UN NOËL GOURMAND

Val passe un Noël délicieux dans un sauna-hammam libertin ! Une façon de revisiter ses souvenirs d’antan…

En bonne athée que je suis, je ne suis jamais pressée de voir arriver Noël, j’aime plutôt l’idée païenne de fêter le solstice d’hiver. Ce pivot de l’année où les nuits commencent à raccourcir et les jours à rallonger.


Et puis c’est sans compter la journée internationale de l’orgasme ! Le vingt-et-un janvier ! Autant dire que ce trimestre de froidure craint par beaucoup me met personnellement le feu partout.


Lavaloise de part mes origines toutefois de montréal, je suis tel un animal à sang froid, je recherche avant tout les endroits où je pourrais me réchauffer et m’épanouir en tenue d’Eve. Et quoi de mieux que les saunas et autres hammams pour ce faire ?


C’est ainsi que je me suis mise à écumer les jacuzzis géants de la capitale, passant entre les mains de toutes les masseuses et les masseurs de Montréal comparant les établissements hôteliers haut de gamme comme les instituts plus confidentiels.


Je vais vous paraître bêbête mais jamais il ne me serait venu à l’idée que des établissements plus sensuels pouvaient exister. Je connaissais les boites libertines même si je n’y avais jamais mis les pieds mais je n’imaginais pas que des saunas coquins fleurissaient ici et là dans la capitale et sa proche banlieue.


J’ai découvert ces merveilles en lisant Union. Un de mes crush était abonné à cette revue qui m’a remémorée mes parents. Mon père l’achetait pour lui et ma mère et lui en faisait la lecture à haute voix avant que de … passer aux travaux pratiques ! C’est drôle d’ailleurs qu’ils n’aient jamais, ne serait-ce qu’un instant, pensé que la voix de stentor de mon père parvenait sans effort jusqu’à ma chambre.

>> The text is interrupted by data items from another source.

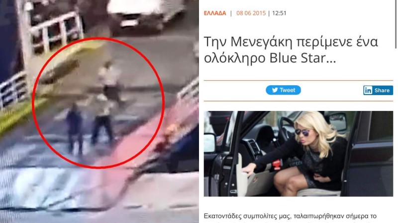 Στο τζιπ βρισκόταν η Ελένη Μενεγάκη, που σύμφωνα με τα γραφόμενα έδωσε εντολή να την περιμένει το πλοίο ώστε να μην το χάσει! Πολλοί από τους επιβάτες ενοχλήθηκαν και διαμαρτυρήθηκαν έντονα στα μέλη του πληρώματος”.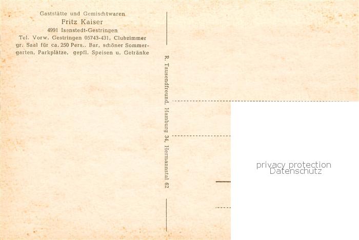 73830718 Isenstedt Luebbecke Westfalen Gaststaette Fritz Kaiser Gastraeume Bar postalisch nicht gelaufen Erhaltung siehe scans [FriedD77] KatCode: 11110005770008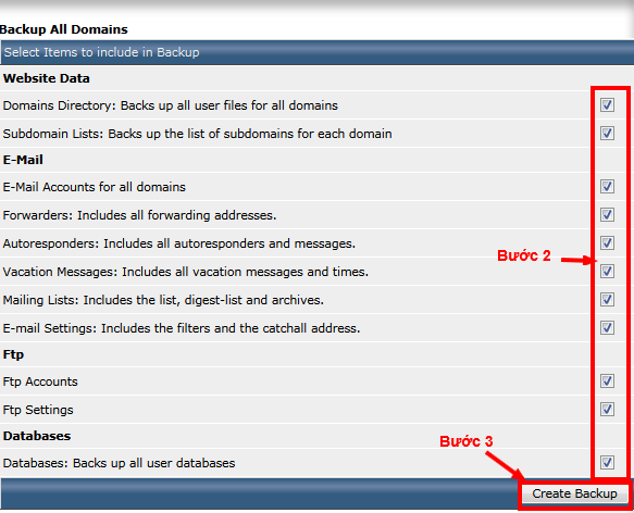 Bước 2 và 3: Lựa chọn các mục nào bạn cần backup, tick vào và chọn create backup: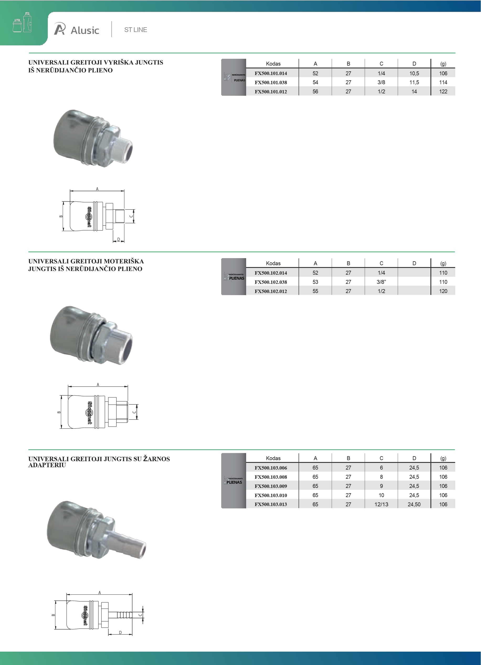 Universali greitoji moteriška jungtis iš nerūdijančio plieno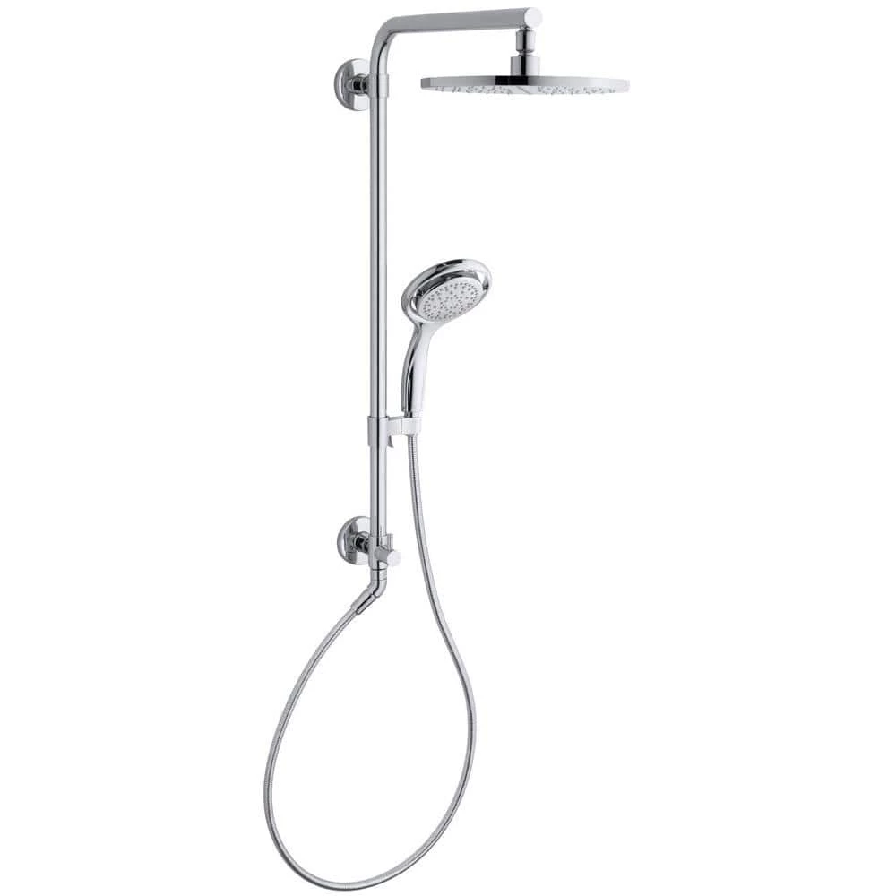 - Diverter at the base of the column makes for easy toggling between hand shower and rain head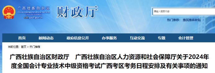 6.2024年10月31日前,“全国会计资格评价网”公布2024年度会计中级资格考试成绩。届时广西财会培训考试中心将在广西壮族自治区财政厅网站(http://czt.gxzf.gov.cn/)公布成绩查询通知、咨询电话和电子邮箱。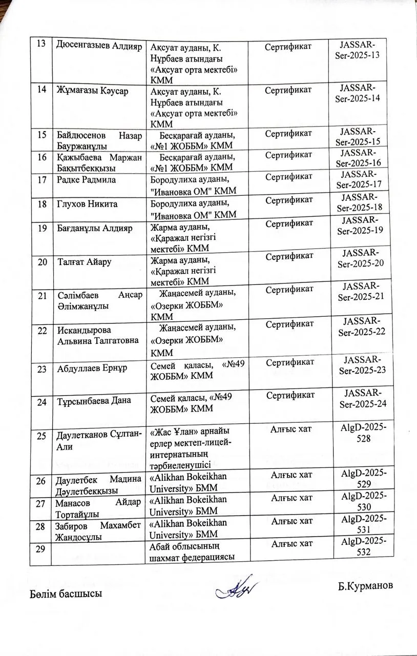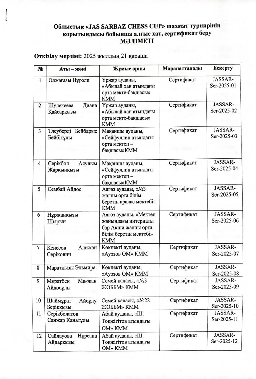 «JAS SARBAZ CHESS CUP» шахмат турнирінің облыстық кезеңі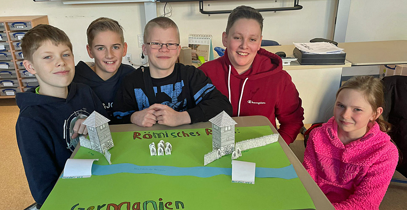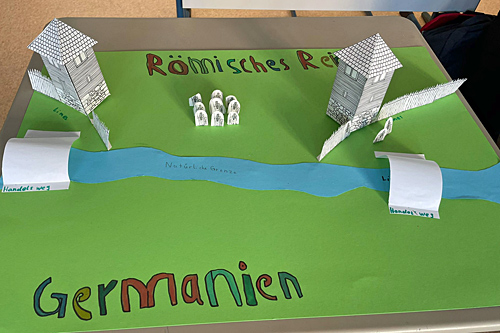 Im Geschichtsunterricht der Klasse 6a erstellte eine Schülergruppe ein Modell des Limes, der ehemaligen Grenzbefestigung zwischen dem Römischen Reich und Germanien. Während der Klassenfahrt des 6. Jahrgangs im vergangenen November wurde das Museum der Varusschlacht in der Nähe von Osnabrück besucht, wo den Römern eine der schlimmsten Niederlagen von den Germanen zugefügt wurde, bei der zehntausende Opfer zu beklagen waren. Im Geschichtsunterricht der Klasse 6a wurde dies mit diesem Modell weiter vertieft, um darzustellen, dass es auch ein friedliches Zusammenleben mit regem Handel am Limes gab. Zu sehen sind zwei römische Wachtürme und eine Befestigung aus Palisaden sowie einige römische und germanische Figuren an den Grenzanlagen.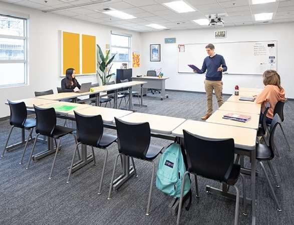 One of the main goals for this project was mobility so all furniture provided had to be mobile, either by being very light weight or on casters.Acting as the designer on this project we specified even the teacher stations to have a wardrobe that has an inner cart which moves separately from its case allowing itto move class room to classroom and be locked into a case that remains stationary.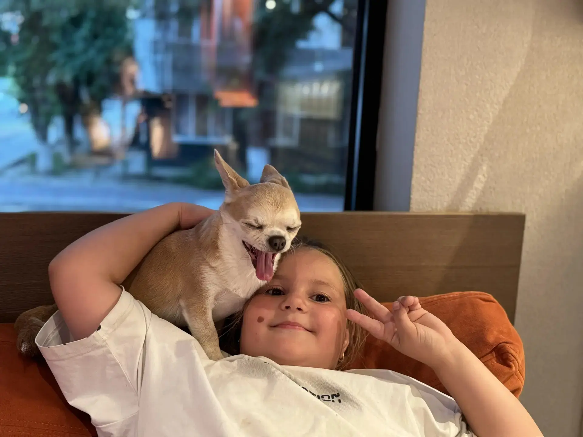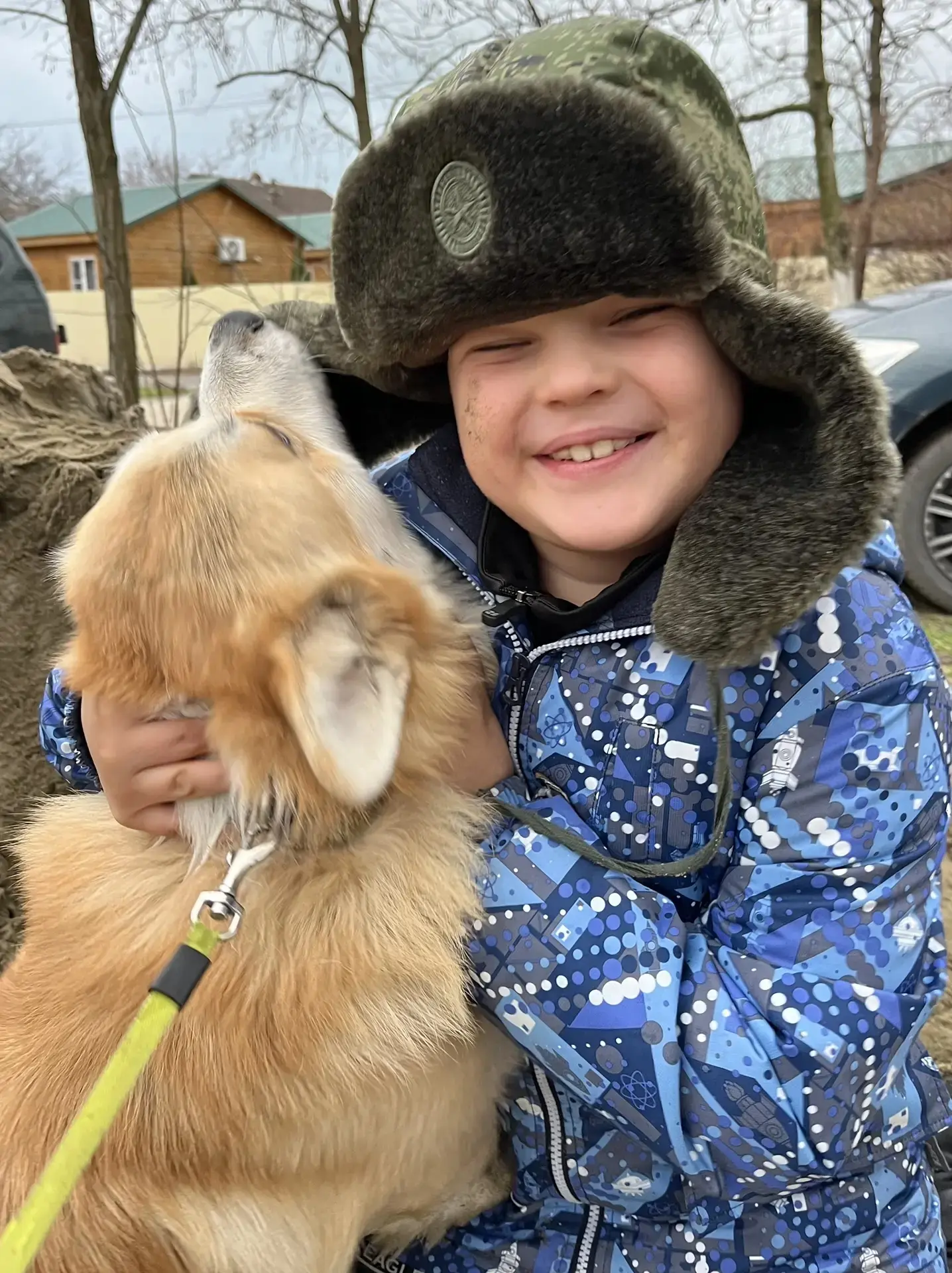 Варанкин Иван 2Б класс, обнимает свою собаку корги Чапу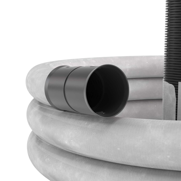 Труба двустенная ПНД гибкая д.110мм дренажная Бухта 50м, без протяжки, цвет черный, с муфтой, с геофильтром, SN6,перфорация 360 град.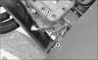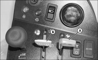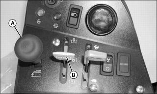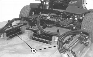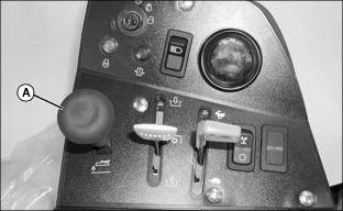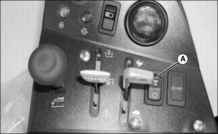 1. Pull the raise-lower lever (A) rearward to raise cutting units.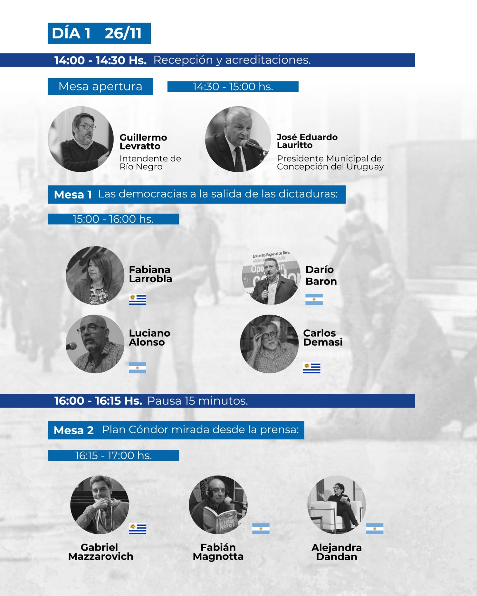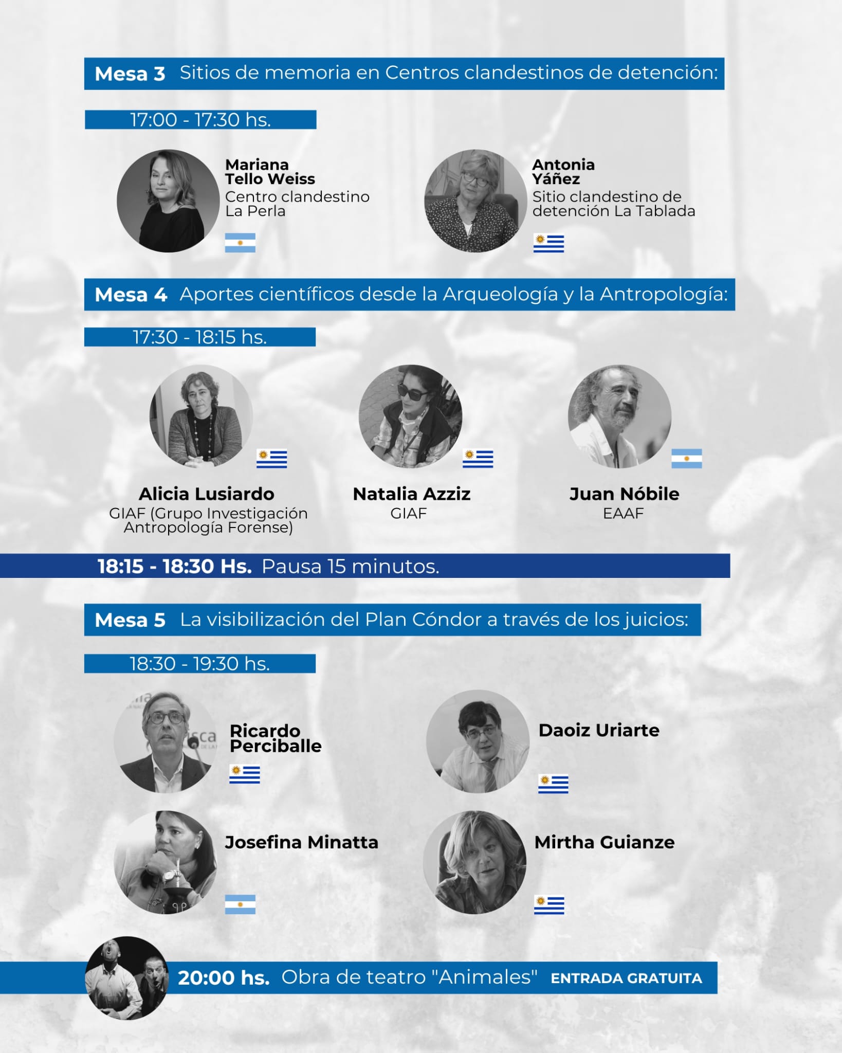 Durante ambos días, más de 20 expositores de ambos países desarrollarán mesas temáticas con la participación de comunicadores, investigadores, técnicos, fiscales, profesionales y testigos, abordando diversos aspectos vinculados al pasado reciente y a los desafíos actuales de nuestras democracias.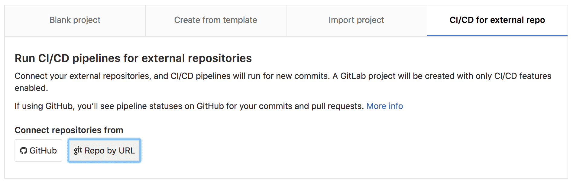 1. In GitLab create a CI/CD for external repo, select Repo by URL and create the project.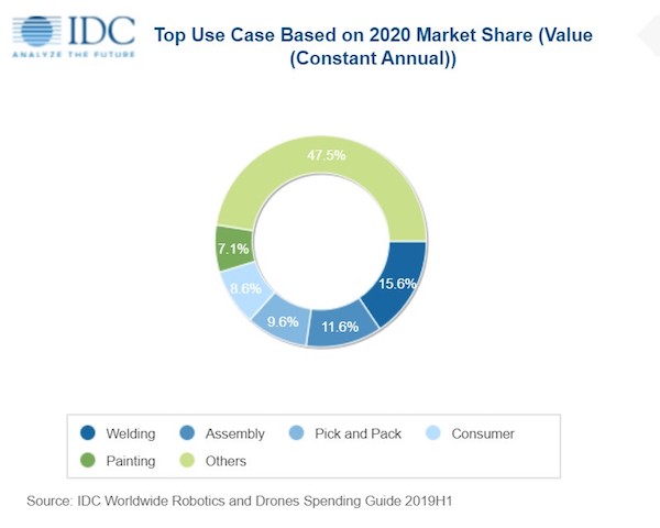 De maakindustrie is dit jaar de grootste afnemer van roboticasystemen, voorspelt IDC. Naar verwachting schaffen maakbedrijven voor 53,8 miljard dollar aan robots aan in 2020. De procesindustrie, grondstoffenindustrie, zorg en retailsector volgen. Het gebruik van robots groeit het snelst onder groothandels (30,5% CAGR), retailers (29,3% CAGR) en bouwbedrijven (25,2% CAGR).

« Planqués » dans une des tables de nuit de la suite parentale je les piquais régulièrement pour me caresser et me donner du plaisir, passant d’un témoignage détaillé aux photos plus qu’explicites qui, contrairement à mes saintes ni touche de copines m’excitaient au plus haut point ! J’avais tout juste dix-huit ans !


Mais revenons-en à Alex et à sa collection, nous baisions, de manière normative et conventionnelle mais ce que faisait Alex en tout, il le faisait bien. C’était « propre », j’entends par là qu’il faisait tout bien pour me faire jouir au maximum et, sans avoir été un cador, il était attentionné et léchais mon minou et mon petit trou à merveille !


C’est donc au détour d’une page que j’ai découvert un reportage sur les saunas libertins. Comme un club échangiste, ils avaient des coins câlins, une piste de danse et un bar mais avait ce petit truc en plus d’avoir des jacuzzis immenses, des saunas et des hammams. L’un d’eux, loin au sud de l’Essonne avait même une piscine !


J’ai pris mon mal en patience durant toute une semaine, mes règles s’étant invitées au bal et je me suis enfin préparée pour ma première sortie découverte : A moi les saunas libertins !

J’ai été fureter sur plusieurs sites afin d’avoir une petite idée du meilleur spot et mon dévolu s’est porté sur un grand établissement dans Pigalle.


La semaine a été longue mais agrémentée de nombreuses séances de masturbation aussi délicieuses que parfois frustrantes. Je me suis beaucoup branlé sous la douche, dirigeant avec précaution le jet plus ou moins fort sur ma vulve purpurine. Mes sex-toys se sont déchargés à moult reprises tant ma frénésie de désir, catalysée par le déchainement de mes hormones menstruelles, était à son paroxysme !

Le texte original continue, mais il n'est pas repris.